BEGIN
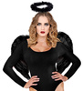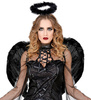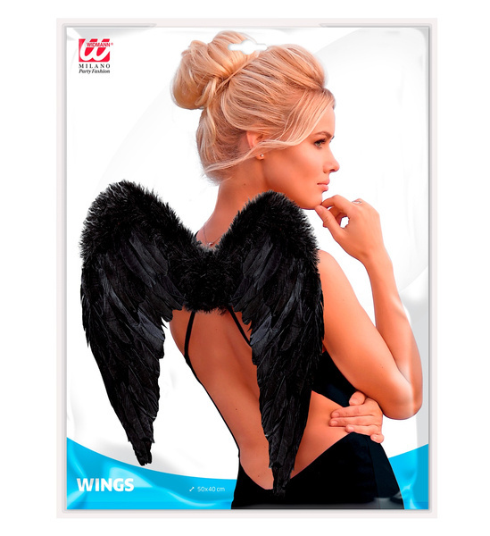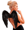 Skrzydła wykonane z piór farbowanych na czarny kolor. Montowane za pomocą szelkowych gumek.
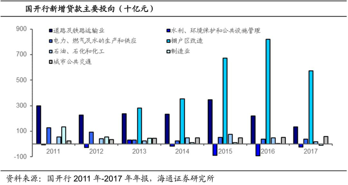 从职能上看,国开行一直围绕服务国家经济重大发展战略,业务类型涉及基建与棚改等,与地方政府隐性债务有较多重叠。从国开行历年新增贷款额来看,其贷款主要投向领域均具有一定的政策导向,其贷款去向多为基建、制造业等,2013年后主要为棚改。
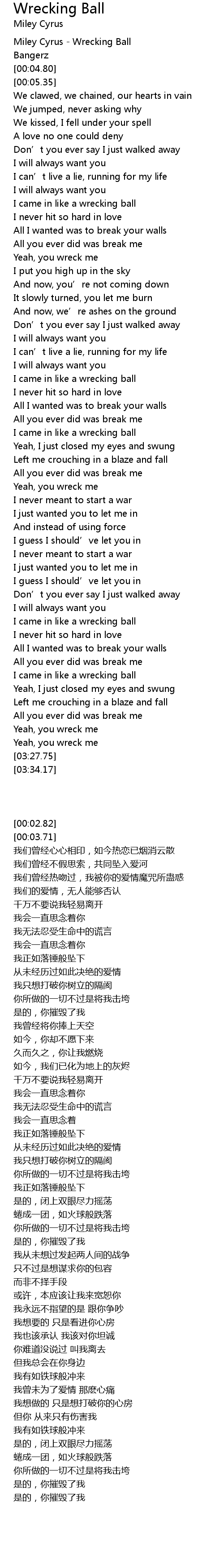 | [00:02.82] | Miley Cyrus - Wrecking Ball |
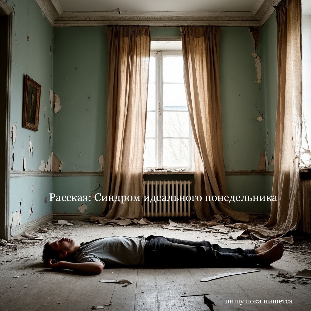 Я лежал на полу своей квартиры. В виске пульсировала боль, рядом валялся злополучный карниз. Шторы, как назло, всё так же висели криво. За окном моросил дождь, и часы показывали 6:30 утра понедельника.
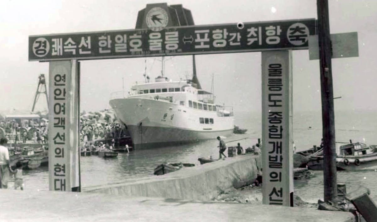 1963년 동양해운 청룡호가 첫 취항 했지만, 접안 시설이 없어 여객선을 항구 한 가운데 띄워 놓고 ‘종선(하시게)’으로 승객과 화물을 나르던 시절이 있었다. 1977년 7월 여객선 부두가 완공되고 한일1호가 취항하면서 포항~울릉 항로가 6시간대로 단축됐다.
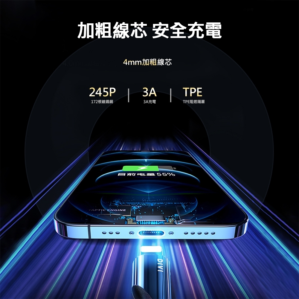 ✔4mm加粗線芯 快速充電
END
Problem details: Return every record above exactly as written, but drop the pictures.

Result for this exercise:
 Skrzydła wykonane z piór farbowanych na czarny kolor. Montowane za pomocą szelkowych gumek.
 从职能上看,国开行一直围绕服务国家经济重大发展战略,业务类型涉及基建与棚改等,与地方政府隐性债务有较多重叠。从国开行历年新增贷款额来看,其贷款主要投向领域均具有一定的政策导向,其贷款去向多为基建、制造业等,2013年后主要为棚改。
 | [00:02.82] | Miley Cyrus - Wrecking Ball |
 Я лежал на полу своей квартиры. В виске пульсировала боль, рядом валялся злополучный карниз. Шторы, как назло, всё так же висели криво. За окном моросил дождь, и часы показывали 6:30 утра понедельника.
 1963년 동양해운 청룡호가 첫 취항 했지만, 접안 시설이 없어 여객선을 항구 한 가운데 띄워 놓고 ‘종선(하시게)’으로 승객과 화물을 나르던 시절이 있었다. 1977년 7월 여객선 부두가 완공되고 한일1호가 취항하면서 포항~울릉 항로가 6시간대로 단축됐다.
 ✔4mm加粗線芯 快速充電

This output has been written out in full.